Generating a Graph Diagram for Visualization

As a coda to this exercise, let’s learn to apply one more Womtool utility: the graph command.  The workflows we’ve looked at so far have been quite simple in terms of the number of steps and overall plumbing. In the next chapter (and out in the real world), you will encounter more complex workflows, for which it might be difficult to build a mental model based on the code alone. That’s where it can be incredibly helpful to be able to generate a visualization of the workflow. The Womtool graph command allows you to generate a graph file in .dot format and visualize it using generic graph visualization tools:

$ java -jar $BIN/womtool-48.jar \
       graph $WF/scatter-hc/scatter-haplotypecaller.wdl \
       > ~/sandbox-8/scatter-haplotypecaller.dot

The .dot file is a plain-text file, so you can view it in the terminal; for example:

$ cat ~/sandbox-8/scatter-haplotypecaller.dot
digraph ScatterHaplotypeCallerGVCF {
 #rankdir=LR;
 compound=true;
 # Links
 CALL_HaplotypeCallerGVCF -> CALL_MergeVCFs
 SCATTER_0_VARIABLE_interval -> CALL_HaplotypeCallerGVCF
 # Nodes
 CALL_MergeVCFs [label="call MergeVCFs"]
 subgraph cluster_0 {
   style="filled,solid";
   fillcolor=white;
   CALL_HaplotypeCallerGVCF [label="call HaplotypeCallerGVCF"]
   SCATTER_0_VARIABLE_interval [shape="hexagon" label="scatter over String as interval"]
 }
}

However, that’s not terribly visual, so let’s load it into a graph viewer. There are many available options, including the very popular open source package Graphviz. You can either install the package on your local machine or use it through one of its many online implementations. To do so, simply copy the contents of the .dot file into the text window of the visualizer app, and it will generate the graph diagram for you, as shown in Figure 8-3.

Visualizing the workflow graph in an online Graphviz application.
Figure 8-3. Visualizing the workflow graph in an online Graphviz application.

When we visualize a workflow graph like this, we typically look at the ovals first, which represent calls to tasks in the workflow. Here you can see that the two task calls in our workflow are indeed present, HaplotypeCallerGVCF and MergeVCFs. The direction of the arrows connecting the ovals indicates the flow of execution, so in Figure 8-3, you can see that the output of HaplotypeCallerGVCF is going to be the input to MergeVCFs.

Interestingly, the call to HaplotypeCallerGVCF is displayed with a box around it, which means it is under the control of a modifying function. The modifier function is represented as a hexagon, and here you can see the hexagon is labeled “scatter over String as interval.” That all makes sense because we just discussed how in this workflow the execution of the HaplotypeCaller task is scattered over a list of intervals.

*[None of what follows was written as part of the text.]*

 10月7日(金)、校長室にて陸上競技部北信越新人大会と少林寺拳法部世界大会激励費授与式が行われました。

In this case, the workflow was straightforward enough that the graph visualization didn’t really tell us anything we didn’t already know, but when we tackle more complex workflows in the next chapter, graph visualization is going to be a crucial part of our toolkit.

Note

This concludes the exercises in this chapter, so don’t forget to stop your VM; otherwise, you’ll be paying just to have it idly ponder the futility of existence.

Wrap-Up and Next Steps

In this chapter, we looked at how to string individual commands into a simple Hello World workflow, and we executed it using Cromwell in one-shot run mode on the single VM that we had set up in Chapter 4. We covered the basics of interpreting Cromwell’s terminal output and finding output files. We iterated on the original Hello​World workflow, adding variables and an additional task. Then, we moved on to examine more realistic workflows that run real GATK commands and use scatter-gather parallelism, though still at a fairly small scale. Along the way, we exercised key utilities for generating JSON templates, validating WDL syntax, testing error handling, and generating graph visualizations.

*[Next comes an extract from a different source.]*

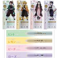 以动画中的四大人气角色炭治郎、襧豆子、善逸和蝴蝶忍四个人气角色为主视觉,每个角色都有专属的代表色和口味,分别推出眼线液笔、眼线笔和唇部磨砂膏三款商品。
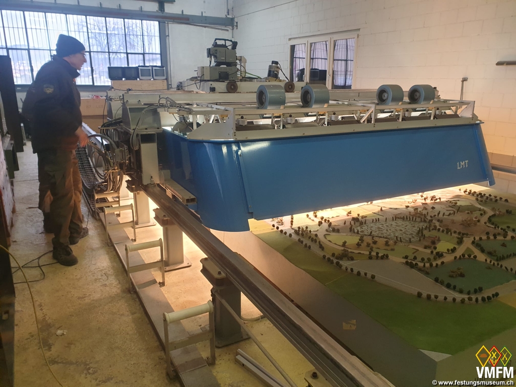 Das engagierte Team der Museumshelfer Gerold Handschin, Michael Salathé und René Demarmels konnte sich aber damit nicht abfinden. Unter Einsatz vieler hundert Arbeitsstunden unterzogen sie die Anlage einer gründlichen Analyse, spürten Defekte auf und ersetzten nach und nach ausgefallene Komponenten möglichst originalgetreu. Größter Knackpunkt bildete der defekte Hauptrechner aus den 1970er-Jahren. Dieser musste, aufgrund nicht mehr verfügbarer Ersatzteile, ersetzt werden. Hierzu wurde ein neuer Hauptrechner konfiguriert und an die bestehende Anlage angepasst. Die in Papierform vorhandenen Programmteile des alten Rechners wurden in vieltägiger Arbeit in eine moderne Programmiersprache übersetzt und neu eingegeben. In weiteren Teilschritten wurden Kamera, Bildschirm und Geländebeleuchtung erneuert bzw. ersetzt.

However, we only scratched the surface of WDL’s capabilities as a workflow language, so now it’s time to move on to some more sophisticated workflows. In Chapter 9, we examine two mystery workflows and try to reverse engineer what they do, which will give you the opportunity to hone your detective skills and also learn some useful patterns that are used in real genomics analysis workflows.